2008 WSOP Event #9, $1,500 NLHE Six-Handed, Day 1: Matt Matros Leads
Matt Matros, a former final-table participant at the World Poker Tour championship, is the chip leader after Day 1 of the World Series of Poker Event #9, No-Limit Hold'em Six-Handed. Matros, who is the author of the book The Making of a Poker Player and a regular poker columnist, leads the $1,500 buy-in event with 156,600 in chips after his flush draw came through to knock out an opponent just before action for the day ended. "I'm just running really good right now," Matros said after scooping one of his final pots of the day.
The original starting field of 1,236 players has been thinned to 71 after 10 levels of play. The top ten entering Day 2 is as follows:
Matt Matros 156,600
Rep Porter 137,200
Thomas Fuller 110,200
Peter Marr 104,700
Avery Cardoza 99,300
Zachary Clark 94,000
William Mikolay 87,000
Jonas Danielsson 83,900
Tom Braband 82,700
Dave Zand 82,300
Eliminations were predictably hectic after players survived the money bubble. Peter Marr dodged a serious setback when his A-10 outran an opponent's A-K; Marr ended up swiping two more tens off the board and taking down the pot, which chipped him up to about 86,000.
Rep Porter picked up a big pot and bit of momentum to take toward the end of the first day when he came out on the right side of blind-on-blind confrontation. After his opponent limped in from the small blind, Porter raised with A-Q, only to see his opponent comeback over the top all-in, for $36,000 more.

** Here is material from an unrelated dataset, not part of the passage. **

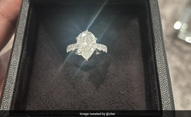 Her latest tweet shows a glitzy ring inside a box along with a caption, "There r no words, alexander, A.E." In a follow-up tweet, Cher noted that those are his hands holding the box.

Porter made the call and his opponent showed A-3 suited. Porter's hand held up and he took a big jump up the chip ladder.
There are only two women remaining in the field; Laura Kallen Wakeland, who has a chip stack of approximately 58,500 and Stephanie Klempner, who, after absorbing a blow near the day's end, is down to 16,900.
Play will resume today at Rio's Amazon Room at 2:00 PM in order to whittle the remaining field down to the final nine. The total prize pool for this event is $1,687,140, with the winner taking home $372,843.